» Dataset extract:
........

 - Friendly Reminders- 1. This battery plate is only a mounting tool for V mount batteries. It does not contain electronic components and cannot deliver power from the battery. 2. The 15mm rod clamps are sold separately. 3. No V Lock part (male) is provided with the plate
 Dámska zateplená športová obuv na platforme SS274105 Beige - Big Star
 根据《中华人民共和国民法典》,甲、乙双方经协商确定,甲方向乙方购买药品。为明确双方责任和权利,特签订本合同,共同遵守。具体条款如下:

........

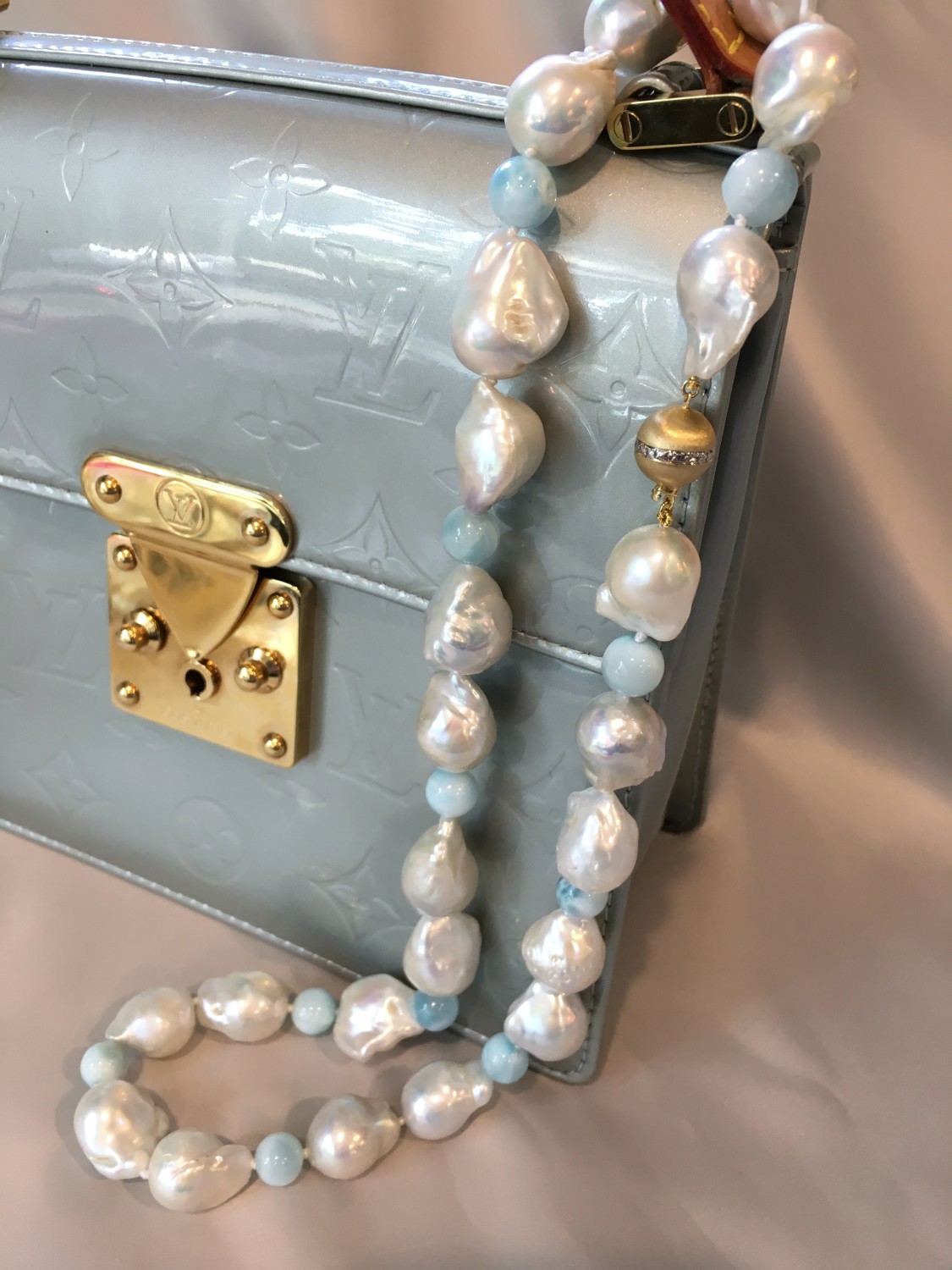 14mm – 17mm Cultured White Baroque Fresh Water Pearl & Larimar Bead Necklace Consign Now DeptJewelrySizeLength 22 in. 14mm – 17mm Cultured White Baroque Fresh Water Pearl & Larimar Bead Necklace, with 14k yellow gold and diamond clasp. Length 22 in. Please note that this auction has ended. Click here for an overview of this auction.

........

» Problem requirements:
All that should be written out is the stretch of lines above between the one holding "- Friendly Reminders- 1." and the one holding "根据《中华人民共和国民法典》", inclusive, exactly as given.

» Answer box:
 - Friendly Reminders- 1. This battery plate is only a mounting tool for V mount batteries. It does not contain electronic components and cannot deliver power from the battery. 2. The 15mm rod clamps are sold separately. 3. No V Lock part (male) is provided with the plate
 Dámska zateplená športová obuv na platforme SS274105 Beige - Big Star
 根据《中华人民共和国民法典》,甲、乙双方经协商确定,甲方向乙方购买药品。为明确双方责任和权利,特签订本合同,共同遵守。具体条款如下:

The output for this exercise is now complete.